Eine besondere Aufmerksamkeit richtet sich hierbei mittlerweile auf die Nutztierhaltung. Auch in NRW nimmt die landwirtschaftliche Tierproduktion einen großen Anteil an der Landwirtschaft ein, sie dient in erster Linie der Versorgung mit Fleisch, Milch und Eiern auch als Grundlage für die Lebensmittelerzeugung. Mehr als ein Viertel der bundesweit rd. 27 Mio. Schweine werden hier gehalten. Die Schweinehaltung erfolgt schwerpunktmäßig im Münsterland, hier hält fast die Hälfte aller Betriebe Schweine. Hinzu kommen in NRW rund 1,4 Mio. Rinder, 11,5 Mio. Hühner und 1,53 Mio. Puten sowie rd. 300.000 Gänse und Enten als Bestandteile der Nutztierhaltung.

Unter den Bedingungen der Intensivtierhaltung leiden in erster Linie die Tiere, wenn sie ihre artspezifischen Verhaltensweisen nicht ausleben können. Verhaltensstörungen in der Intensivtierhaltung sind ein immer wieder auftretendes Problem, das vorrangig auf mangelnde Beschäftigung, erhöhte Temperaturen, zu hohe Belegdichten, nicht artgerechte Fütterung und einen Mangel an Frischluftzugang zurück zu führen ist. Doch auch unsere Ökosysteme werden dadurch stark belastet.
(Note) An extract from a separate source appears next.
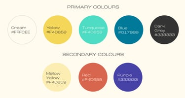 The final branding also looked at colours, fonts, and illustrated accent elements.

Denn mit der Tierhaltung, insbesondere bei großen Bestandszahlen oder regionaler Konzentration der Viehhaltung, gehen erhebliche Umweltprobleme wie die Belastung unserer Gewässer, der Böden und der Luft einher.

Die gegenwärtigen Zustände in der intensiven Nutztierhaltung und die herrschenden Bedingungen insbesondere in den großen Schweine- und Geflügelmastanalagen werden von einem Großteil der Gesellschaft abgelehnt.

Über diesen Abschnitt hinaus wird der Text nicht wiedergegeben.